Directions>
All lines from the one containing "キャンペーンコード「SVIP" to the end of the listing below should be output exactly; omit the pictures.

Data provided>
┄┄┄┄┄┄┄┄┄┄
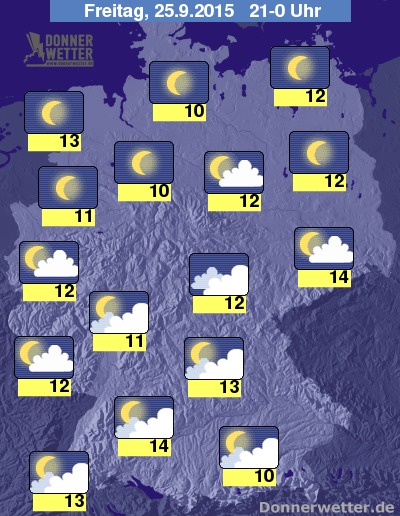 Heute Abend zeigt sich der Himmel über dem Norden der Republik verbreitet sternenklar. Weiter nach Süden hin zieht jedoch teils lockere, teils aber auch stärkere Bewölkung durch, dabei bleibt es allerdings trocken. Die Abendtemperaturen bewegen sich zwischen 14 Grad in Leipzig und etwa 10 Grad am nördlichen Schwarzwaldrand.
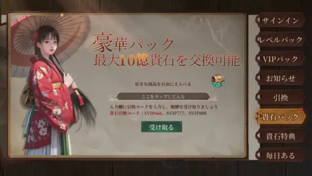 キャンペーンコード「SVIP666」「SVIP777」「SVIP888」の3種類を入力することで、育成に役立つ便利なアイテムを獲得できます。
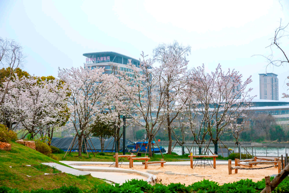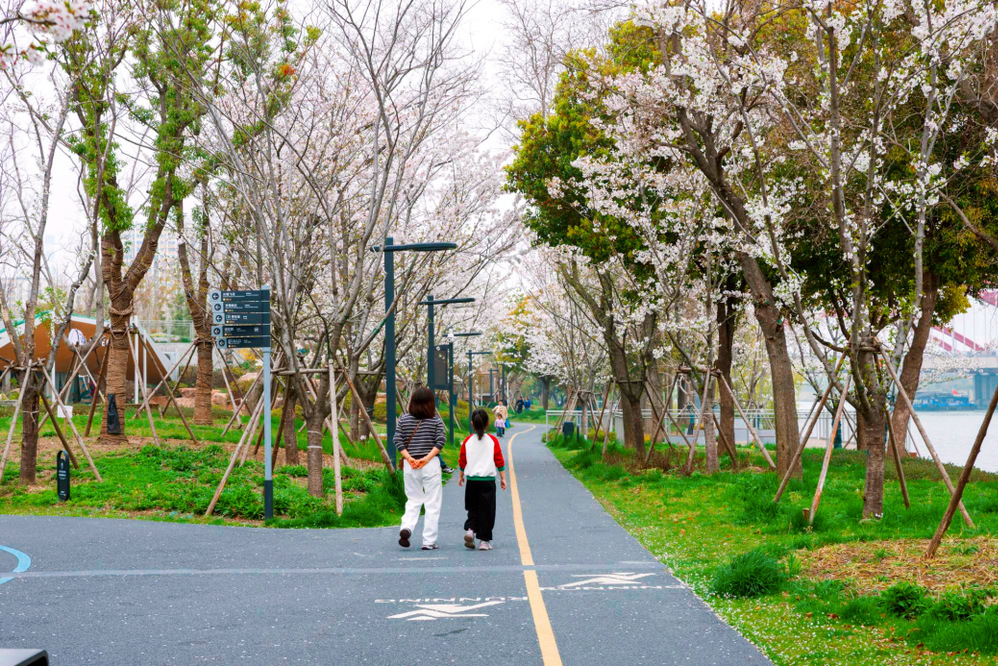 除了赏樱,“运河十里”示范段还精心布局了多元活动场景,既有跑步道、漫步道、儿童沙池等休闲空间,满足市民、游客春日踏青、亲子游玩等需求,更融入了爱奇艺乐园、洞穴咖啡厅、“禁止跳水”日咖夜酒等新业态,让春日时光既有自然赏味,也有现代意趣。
┄┄┄┄┄┄┄┄┄┄
Result of this task>
 キャンペーンコード「SVIP666」「SVIP777」「SVIP888」の3種類を入力することで、育成に役立つ便利なアイテムを獲得できます。
 除了赏樱,“运河十里”示范段还精心布局了多元活动场景,既有跑步道、漫步道、儿童沙池等休闲空间,满足市民、游客春日踏青、亲子游玩等需求,更融入了爱奇艺乐园、洞穴咖啡厅、“禁止跳水”日咖夜酒等新业态,让春日时光既有自然赏味,也有现代意趣。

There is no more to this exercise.